Daniel Duende é escritor, brasiliense, e tradutor (talvez nesta ordem). Sofre de um grave vício em video-games do qual nunca quis se tratar, mas nas horas vagas de sobriedade tenta descobrir o que é ser um blogueiro. Outras de suas paixões são os jogos de interpretação e sua desorganizada coleção de quadrinhos. Vez por outra tira também umas fotografias, mas nunca gosta muito do resultado.

Duende é atualmente o Coordenador do Global Voices em Português, site responsável pela tradução do conteúdo do observatório blogosférico Global Voices Online, e vez por outra colabora com o Overmundo. Mantém atualmente dois blogues, o Novo Alriada Express e O Caderno do Cluracão, e alterna-se em gostar ora mais de um, ora mais de outro, mas ambos são filhos queridos. Tem também uma conta no flickr, um fotolog e uma gata branca que acredita que ele também seja um gato.

sexta-feira, 25 de fevereiro de 2005

Melhores Venenos
(um conto sobre vícios)

Cerveja gelada e cigarros, uma amiga ruiva e bem disposta, sexta-feira, uma mesa de bar. Érico sentia-se bem o bastante, não podia reclamar. Virava-se para os lados rapidamente para sorver o momento à sua volta, e então voltava a debruçar-se na conversa que não interessava. Trocava palavras sem pensar nelas, concentrava-se nos olhos de Selma, nos seios de Selma, virava os olhos para longe do vazio. Tragou seu cigarro, passou a mão no cabelo eriçado e pediu a conta.
- "vamos para outro lugar?"
- "bora!".
E assim começou a noite.

Deslizaram um pouco pela cidade enquanto aumentavam a vontade, e então pararam sob um bloco qualquer da quadra de Selma para se conhecerem melhor. Érico fingia, evidentemente, estar interessado no que Selma tinha a dizer, e esta retribuia o fingimento. Foi com alívio que resolveram parar com a piada e se atracaram, alguns minutos depois. Èrico abria com urgência os botões da blusa de Selma. Selma enfiava, aflita, a mão dentro da calça de Érico. Havia uma urgência de como se não houvesse tempo a perder. Era como se matassem uma fome, ou tentassem estancar um sangramento. Era como se fosse um remédio, um placebo, para uma dor antiga. E então terminou sem deixar vestígios. Selma foi para sua casa, após se despedir e se certificar de ouvir com um sorriso a promessa de telefonemas de Érico. É claro que trocariam telefonemas assim que a fome aumentasse. E era isso.

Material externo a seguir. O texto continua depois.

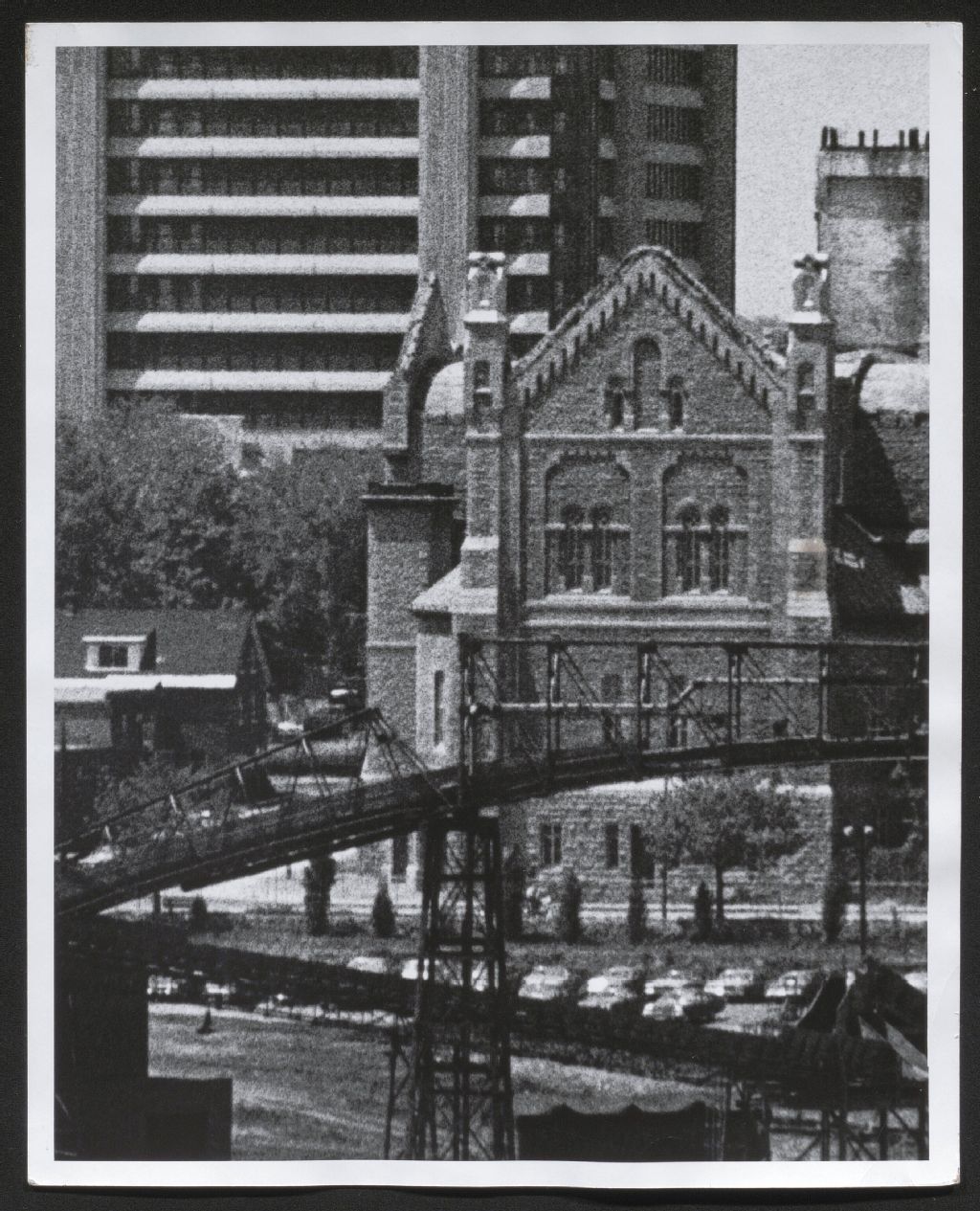 Photographie de l'arrière de l'église Notre-Dame-de-Grâce en 1972. À l'avant-plan, la structure de la papetière E.B. Eddy qui servait à transporter les billes de bois pour ensuite les empiler. À l'arrière-plan, le complexe de Place du Portage.

Érico chegou em casa pouco antes do nascer do sol e jogou o casaco sobre a primeira cadeira de seu apartamento, como fazia sempre. Abriu a geladeira e pegou a última cerveja. Com um pouco de sorte não estaria choca. Sentou-se à varanda e acendeu um cigarro, olhando fixamente para o ponto de ônibus. Aos poucos o céu começava a clarear, encontrando Érico, estatuesco, sentado à varanda olhando para aquele ponto de ônibus. Nâo sorria, nem sequer pensava em Selma, ou em Luíza, ou em cerveja, ou em qualquer outra coisa. Acendia cigarro após cigarro e apenas ficava ali, com os primeiros raios de sol refletindo nas vidraças.

E foi então que ela veio. Delgada e sonolenta, a cruzar a rua. Seus passos no asfalto eram sem vontade, seu casaco alaranjado sobre o uniforme como um velho amigo sonolento. Érico debruçou-se na varanda e olhou, tentando conter, como sempre, as lágrimas. Lá estava Elisa, e eles não estavam mais juntos há muito tempo. Algumas vezes ela olhava para cima e desviava o olhar. Algumas vezes ele se sentia estúpido e ia embora antes que ela chegasse ao ponto de ônibus. Algumas vezes, como esta, ele apenas ficava ali. Certa vez ele ficou quase um mês sem aparecer naquela varanda para ver aquela que um dia confessara ao mundo amar cruzar a rua e pegar aquele ônibus. Foi a única vez que ela ligou dizendo que tinha saudades dele. Encontraram-se e beijaram-se como nos velhos tempos, e então nada deu certo, como nos velhos tempos. Em dor renovada se separaram. Desde então Érico não mais a procurou, nem ela o fez. Apenas se sentava, sempre que podia, àquela varanda, e olhava ela chegar, fingir que não o via, e ir embora. Era o pior de seus vícios. Era o seu doce veneno, e o matava um pouco dia a dia.

Este era o único momento em que Érico sentia-se vivo.